Calibration and Alignment: Large-scale evaluations reveal that pretrained LMs systematically under-estimate human-cloze response probabilities, over-rank rare completions, and misalign both lexical and semantic clusters when compared to human-generated cloze responses (Jacobs et al., 15 Oct 2024). The semantic space of model predictions diverges sharply from that of human language, raising cautions for psycholinguistic modeling.
Error Analysis: Performance degrades on tasks requiring dialogue understanding, informal reasoning, or cross-utterance entity tracking—attributable to limitations in coreference resolution or the handling of idiomatic shifts (Li et al., 2019).
Data Distribution Sensitivity: Successful data augmentation hinges on exact matching of candidate distributions and judicious regularization; naively constructed pseudo-examples can degrade performance or introduce sampling bias (Wang et al., 2018).
Interpretable Learning: Ablation studies and modular aggregation schemes highlight the need for explainable context contributions.

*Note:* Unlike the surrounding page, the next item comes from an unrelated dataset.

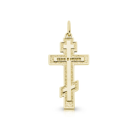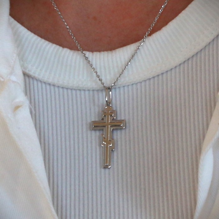Pravoslavný kříž (často osmiramenný) symbolizuje Kristovo utrpení, vítězství nad zlem a ochranu před zlem. Tři vodorovná ramena reprezentují nápis INRI (horní), Kristovy ruce (prostřední) a podnožku (dolní), přičemž naklonění dolní části naznačuje kajícího lotra vpravo a zatraceného vlevo. Často bývá doplněn o lebku (Adama) u paty.

Inclusion of explicit n-gram statistics or global pooling improves generalization when important cues are dispersed or appear as lexical collocations.

7. Extensions and Future Directions

The cloze task for training continues to shape research directions across NLP and multimodal learning:

Generalization Beyond NLP: Equation- and entity-level cloze objectives (as in ClozeMath or prompt-based few-shot QA) may serve as templates for domains requiring multi-step, context-sensitive inference (Pham et al., 4 Jun 2025, Chen et al., 2023).
Heuristic-free Extraction: Sequence-tagging cloze answer extraction enables adaptive TAPT augmentation across arbitrary MRC tasks without manual heuristics, further closing the performance gap in low-resource or zero-shot conditions (Lovenia et al., 2022).
Multimodal and Multilingual Settings: Innovations such as multimodal cloze tasks (e.g., for Chinese handwriting, video) transfer the self-supervised context-prediction paradigm into vision and speech, supporting robust and fine-grained error analysis and correction (Zhang et al., 2022, Luo et al., 2020).

A plausible implication is that further integration of cloze-inspired objectives—combined with task-specific knowledge and careful data engineering—will remain foundational for advances in efficient, interpretable, and generalizable AI reasoning systems.